Cada mapa tiene su uso concreto

FRANCISCO JAVIER GONZÁLEZ MATESANZ

Cualquier intento de trasladar un globo a un plano obliga a escoger qué preservar y qué sacrificar: la cartografía no presenta una única narración. La proyección de Mercator, nacida en 1569 para resolver un problema práctico —navegar siguiendo líneas de rumbo rectas—, es el ejemplo perfecto, pues conserva los ángulos localmente, pero deforma los valores de superficie, las formas y las distancias. Su mérito técnico es indiscutible; su uso como planisferio “neutro” no es correcto. Y ahí reside un debate que no es capricho académico, sino que debe responder a la pregunta: ¿Qué mundo mostramos cuando mostramos el mundo?

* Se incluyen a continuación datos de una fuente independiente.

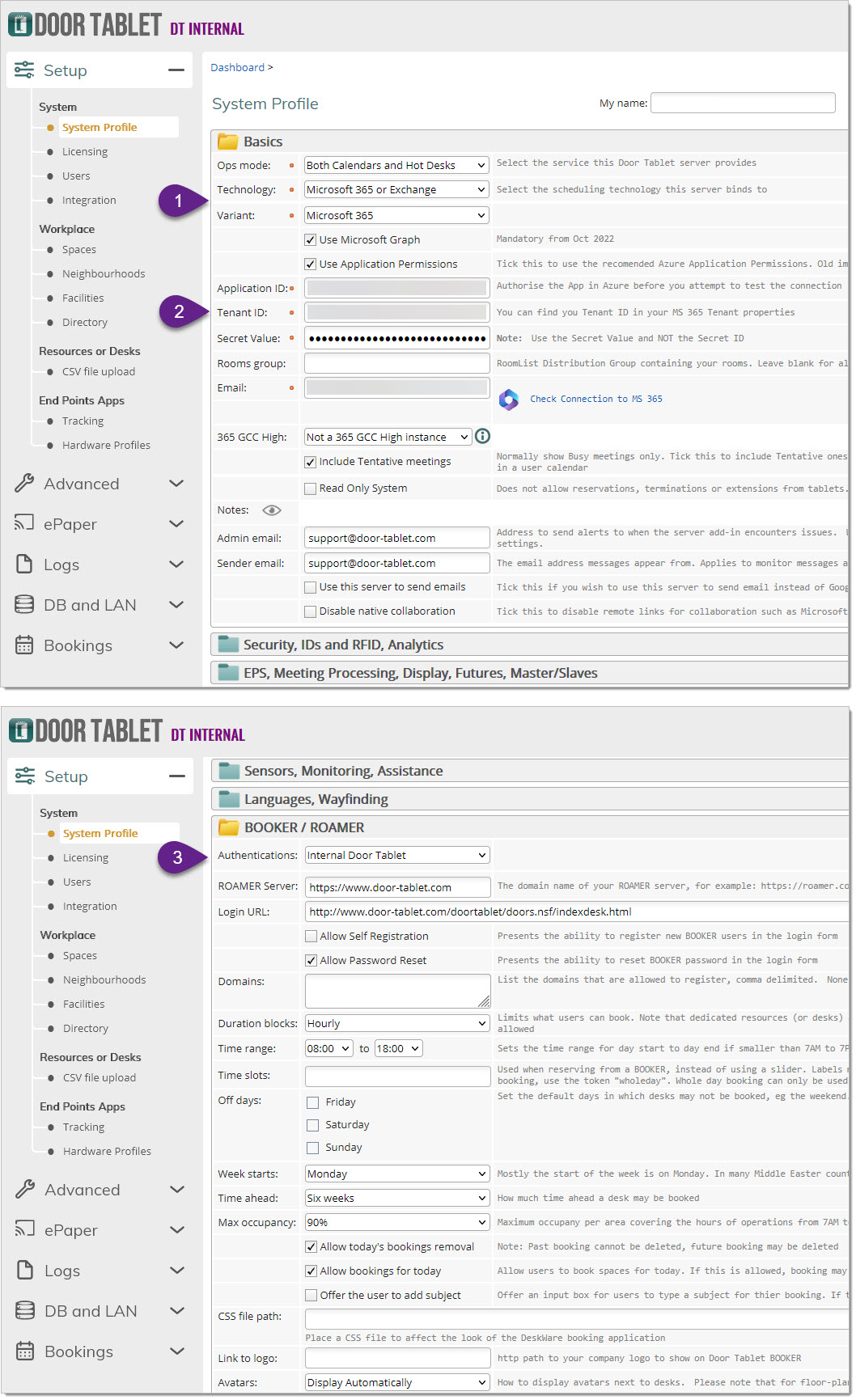 - In the BOOKER section, set the system to use Internal Door Tablet
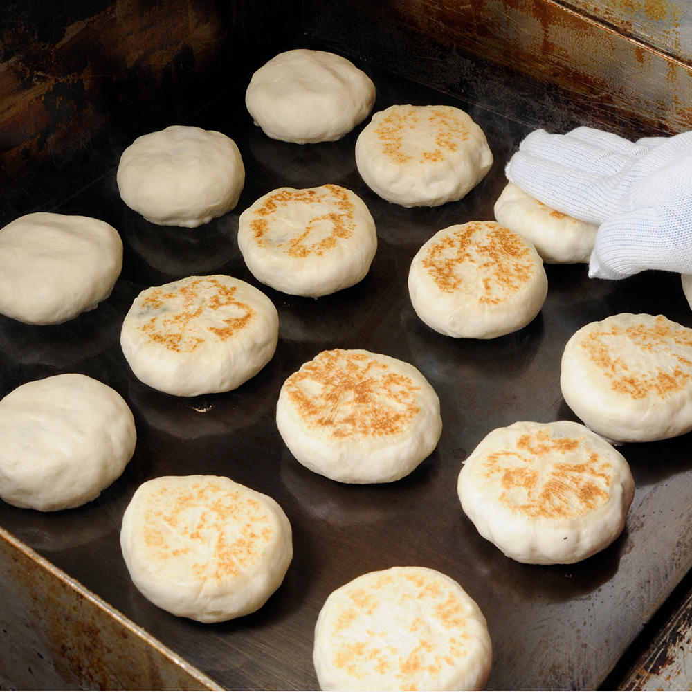 こんがり焼き色をつけた後に油で揚げ、蒸しています。もちもちとした食感とカリっとした食感をお楽しみいただけ人気です。

En el 450º aniversario de la proyección de Mercator (2019), varias instituciones revisitaron su legado con una conclusión que conviene subrayar: Mercator fue un salto intelectual para la navegación, convertir líneas de igual rumbo (loxodrómicas) en líneas rectas y hacer calculable el rumbo, pero su genio técnico no la convierte en planisferio universal. Las conmemoraciones y debates académicos coincidieron en dos lecciones claras: primera, toda proyección es una elección (y debe explicarse su propósito, su narración); segunda, el uso educativo y mediático debe migrar a proyecciones de compromiso o equivalentes (que conserven las áreas y, por tanto, los tamaños relativos de cada continente, o que introduzcan tan solo pequeños errores que hagan que, de forma relativa entre ellos, apenas sean perceptibles), reservando Mercator a la náutica y a contextos específicos. Celebrar a Mercator, en suma, no es mantenerla en todas partes, sino usar cada proyección donde mejor explica el mundo.

Durante décadas, la inercia editorial y la comodidad técnica mantuvieron a Mercator en aulas, atlas y medios. Pero la pregunta correcta no es “¿cuál es la mejor proyección?”, sino “¿para qué queremos el mapa?”. Si el objetivo es trazar rumbos o seguir rutas por vías de comunicación en un entorno local, Mercator funciona. Si es comparar superficies, distancias o formas, no: el crecimiento de la escala hacia los polos agranda exageradamente a Groenlandia o Europa, produciendo una narrativa visual que muchos lectores interpretan, comprensiblemente, como jerarquía geográfica. Las alternativas existen y no son nuevas. Para planisferios generales, la comunidad cartográfica se ha decantado por proyecciones de compromiso, con baja distorsión global: Winkel Tripel es hoy estándar en atlas y divulgación, y Robinson mantiene su vigencia por equilibrio visual y tradición didáctica. Cuando lo que importa es el tamaño relativo, aunque no se conserven formas ni distancias, como en población, clima o biodiversidad, se pueden usar proyecciones equivalentes, que únicamente conservan el valor del área aunque esté deformada: Equal Earth, Mollweide, Eckert IV.

Un mapa es una decisión. Elegir Mercator para un reportaje monográfico sobre desigualdad territorial introduce, sin decirlo, un sesgo de escala; elegir Equal Earth para una infografía de superficies, o Winkel Tripel para un atlas, no es ideología: es adecuación metodológica.

Conviene, llegados a este punto, dejar claras dos conclusiones. Primero, igualdad de áreas no equivale a perfección: una proyección equivalente distorsiona formas y distancias más que una de compromiso; por eso hay que escoger según el mensaje. Segundo, Web Mercator no “falsea” los datos por sí misma: acelera los visores, pero los análisis globales que no tengan como objetivo preservar las orientaciones deben ser realizados en otra proyección.

Los lectores merecen saber que un mapa no es una fotografía, sino una construcción. La solución es sencilla: debemos comprometernos a elegir la proyección que mejor explique los datos. Si informamos sobre pérdida de bosques, usemos una que conserve las superficies; si ilustramos rutas aéreas, una conforme que mantiene los ángulos; si publicamos un atlas escolar, una de compromiso. Es una decisión editorial tan relevante como titular con rigor o verificar una cifra. En definitiva, hacer un mapa es siempre un acto de responsabilidad.